Among the entries below, only the lines starting at the one with "- Decorações de" and ending at the one with "最后感谢粉丝【上海新年人】提", both included, are to be printed exactly.

(Listed records Opens)

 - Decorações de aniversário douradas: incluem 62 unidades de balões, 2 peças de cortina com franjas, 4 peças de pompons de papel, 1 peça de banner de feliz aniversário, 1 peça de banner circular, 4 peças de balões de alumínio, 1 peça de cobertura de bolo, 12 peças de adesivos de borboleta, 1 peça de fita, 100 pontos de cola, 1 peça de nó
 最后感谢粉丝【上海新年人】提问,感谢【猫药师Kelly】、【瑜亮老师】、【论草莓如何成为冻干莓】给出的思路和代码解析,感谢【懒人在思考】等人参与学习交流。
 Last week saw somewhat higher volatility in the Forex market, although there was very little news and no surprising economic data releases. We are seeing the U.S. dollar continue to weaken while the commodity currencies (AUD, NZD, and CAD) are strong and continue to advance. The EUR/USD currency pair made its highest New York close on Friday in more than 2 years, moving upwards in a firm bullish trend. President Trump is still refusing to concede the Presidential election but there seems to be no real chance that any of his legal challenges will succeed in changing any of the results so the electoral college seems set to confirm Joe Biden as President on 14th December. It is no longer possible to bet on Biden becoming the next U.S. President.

(Listed records Closes)
(Listed records Opens)

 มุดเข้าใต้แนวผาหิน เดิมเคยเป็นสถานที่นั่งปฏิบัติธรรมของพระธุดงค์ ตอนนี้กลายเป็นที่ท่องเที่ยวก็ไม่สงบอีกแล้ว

(Listed records Closes)
(Listed records Opens)

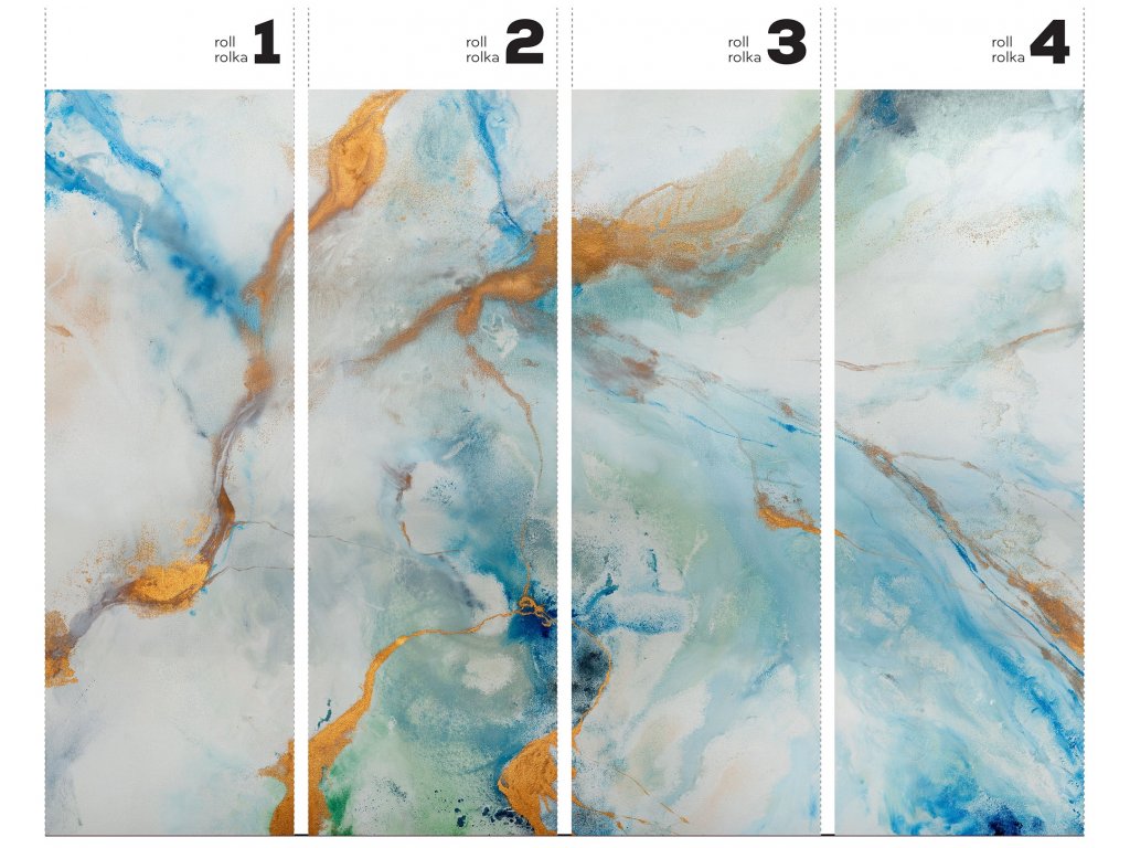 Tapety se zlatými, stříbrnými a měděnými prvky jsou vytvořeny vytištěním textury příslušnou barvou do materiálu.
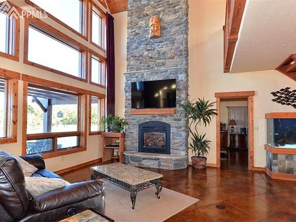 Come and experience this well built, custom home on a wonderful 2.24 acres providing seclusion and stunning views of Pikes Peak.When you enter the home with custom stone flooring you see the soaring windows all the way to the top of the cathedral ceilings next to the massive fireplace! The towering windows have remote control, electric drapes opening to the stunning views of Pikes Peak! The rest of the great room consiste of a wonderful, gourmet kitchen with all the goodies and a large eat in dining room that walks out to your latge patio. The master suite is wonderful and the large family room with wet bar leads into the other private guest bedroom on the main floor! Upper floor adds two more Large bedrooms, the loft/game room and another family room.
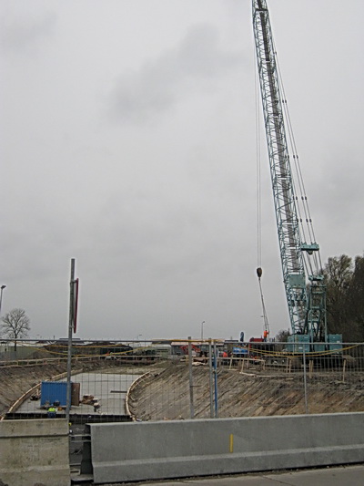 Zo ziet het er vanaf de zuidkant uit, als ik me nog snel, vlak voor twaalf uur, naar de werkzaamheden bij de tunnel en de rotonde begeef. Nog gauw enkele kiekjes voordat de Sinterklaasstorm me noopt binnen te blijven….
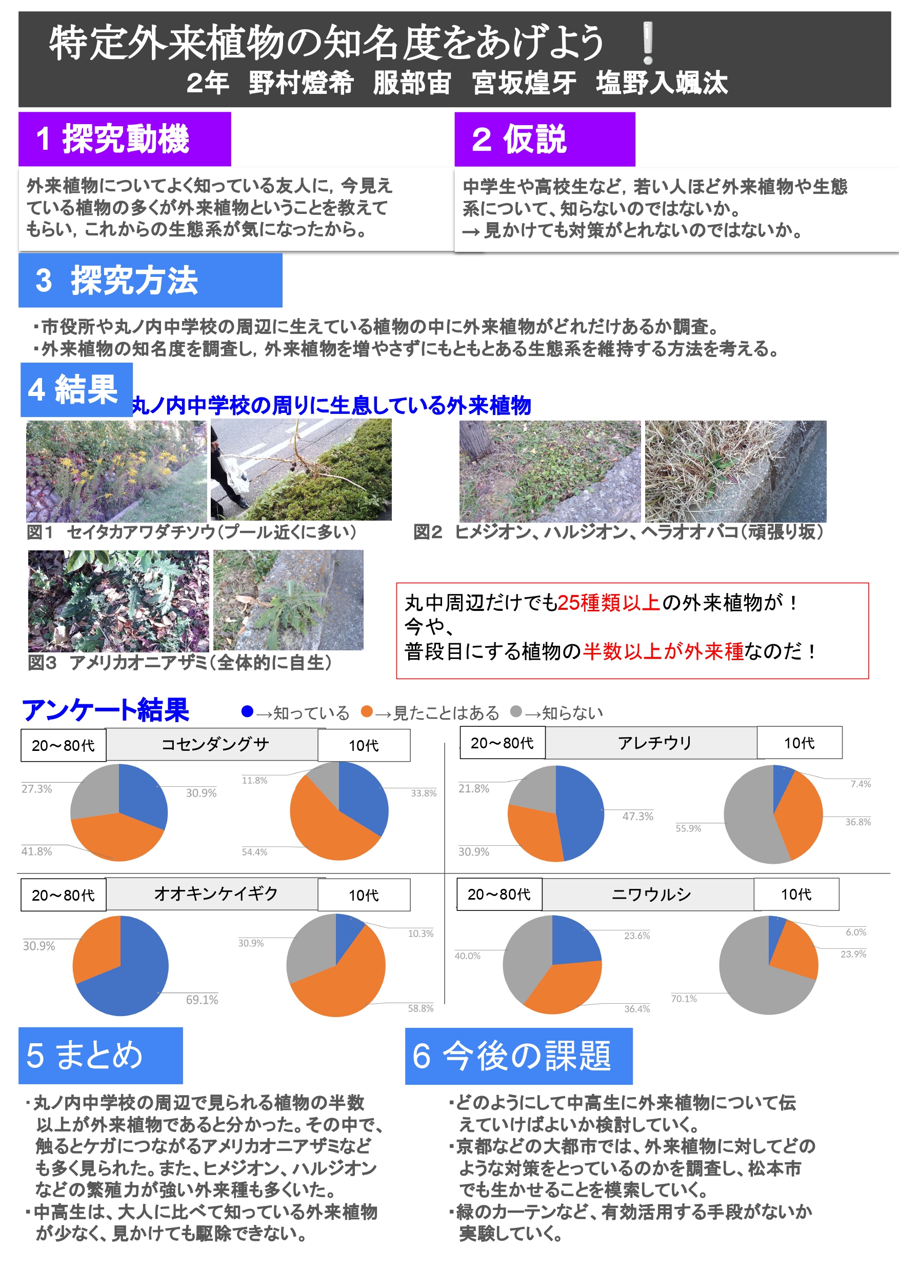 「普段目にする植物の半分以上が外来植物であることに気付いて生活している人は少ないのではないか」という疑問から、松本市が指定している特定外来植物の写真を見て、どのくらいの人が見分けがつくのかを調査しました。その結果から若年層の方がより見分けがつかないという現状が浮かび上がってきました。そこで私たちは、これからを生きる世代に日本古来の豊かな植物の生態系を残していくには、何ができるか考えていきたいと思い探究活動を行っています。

(Listed records Closes)

Answer for the task -
 - Decorações de aniversário douradas: incluem 62 unidades de balões, 2 peças de cortina com franjas, 4 peças de pompons de papel, 1 peça de banner de feliz aniversário, 1 peça de banner circular, 4 peças de balões de alumínio, 1 peça de cobertura de bolo, 12 peças de adesivos de borboleta, 1 peça de fita, 100 pontos de cola, 1 peça de nó
 最后感谢粉丝【上海新年人】提问,感谢【猫药师Kelly】、【瑜亮老师】、【论草莓如何成为冻干莓】给出的思路和代码解析,感谢【懒人在思考】等人参与学习交流。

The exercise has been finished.